Each frame (throttled to every N frames while camera moves), the manager performs:

  1. Octree Traversal: Starting from the coarsest LOD, recursively descend based on screen-space error
  2. Frustum Culling: Reject bricks whose AABBs lie entirely outside the view frustum
  3. SSE-based LOD Selection: At each node, compute screen-space error to decide whether to split
typescript
const traverse = (bx, by, bz, lod) => {
  const aabb = getBrickAABB(bx, by, bz, lod);

  // Frustum cull
  if (!isAABBInFrustum(aabb, frustumPlanes)) return;

  // Screen-space error LOD decision
  const dist = distance(cameraPos, aabbCenter(aabb));
  const lodScale = Math.pow(2, lod);  // Voxel size multiplier
  const voxelWorldSize = lodScale * voxelSpacing;
  const projectedError = (voxelWorldSize / dist) * projectionFactor;
  const shouldSplit = lod > 0 && projectedError > sseThreshold;

  if (shouldSplit && finerLodExists(lod - 1)) {
    // Recurse to 8 children at finer LOD
    for (child of getChildren(bx, by, bz, lod)) {
      traverse(child.x, child.y, child.z, lod - 1);
    }
  } else {
    // This brick is desired
    desiredSet.add({ lod, bx, by, bz, distance: dist });
  }
};

Screen-Space Error (SSE) measures how many pixels a voxel projects to on screen. When the projected error exceeds a threshold (default: 8.0 pixels), the brick splits to a finer LOD. A hysteresis band (splitting only above the threshold, collapsing only below 0.7× it) prevents LOD oscillation during gestures. This approach adapts automatically to:

  • Screen resolution (higher res = more splits for same view)
  • Field of view (narrower FOV = more detail at same distance)
  • Anisotropic voxel spacing (non-uniform datasets)
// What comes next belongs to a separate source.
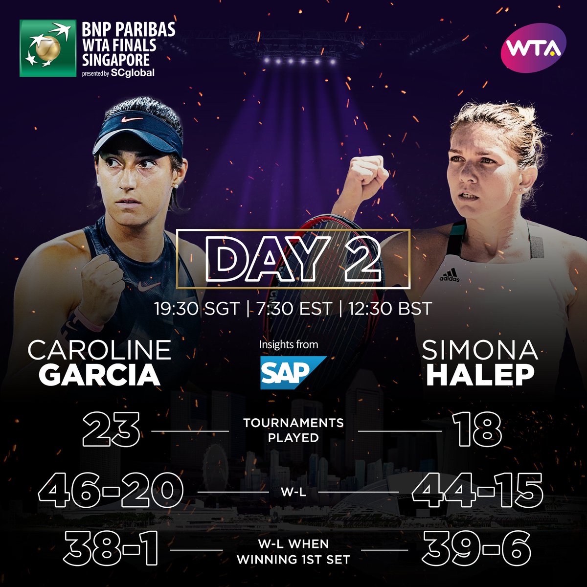 Поединок Симоны Халеп и Каролин Гарсии открывал программу игрового дня.

Priority queue and request management

After computing the desired set, the manager:

  1. Cancels stale requests: In-flight fetches for bricks no longer in desired set are aborted via AbortController
  2. Touches loaded bricks: Updates LRU timestamps for bricks that remain desired
  3. Queues missing bricks: Sorts by distance, closest first (prioritizes visible regions)
  4. Rate limits requests: Caps concurrent requests (8 single-channel, 12 multichannel) to avoid network saturation. Stale requests wait a 200 ms grace period before cancellation so brief LOD oscillation doesn't thrash fetches
Desired Set: [A, B, C, D, E, F, G, H]  (sorted by distance)
Currently Loaded: [A, B, X, Y, Z]
In-Flight: [C]


Actions:
  - Touch A, B (update LRU)
  - Cancel X, Y, Z if in-flight (no longer needed)
  - Keep C in-flight (still desired)
  - Queue D, E, F, G, H (limited to max concurrent: 8 single / 12 multichannel)

LRU eviction

When the atlas is full, the AtlasAllocator (src/streaming/atlas-allocator.ts) evicts the least recently used brick:

typescript
allocate(frame: number): AllocationResult {
  // Try free list first
  if (freeList.length > 0) {
    return { slot: freeList.pop(), evicted: null };
  }

  // Find LRU victim
  let victim = -1, oldestFrame = Infinity;
  for (slot of usedSlots) {
    if (lastUsedFrame[slot] < oldestFrame) {
      oldestFrame = lastUsedFrame[slot];
      victim = slot;
    }
  }

  // Evict and return
  const evicted = slotMetadata[victim];
  indirectionTable.clear(evicted.bx, evicted.by, evicted.bz, evicted.lod);
  return { slot: victim, evicted };
}

Pinned bricks (the coarsest LOD) are never evicted, ensuring a complete fallback representation always exists. Slots touched within the last 30 frames are also protected, so a freshly loaded brick can't be evicted by the next allocation in the same burst (thrash guard).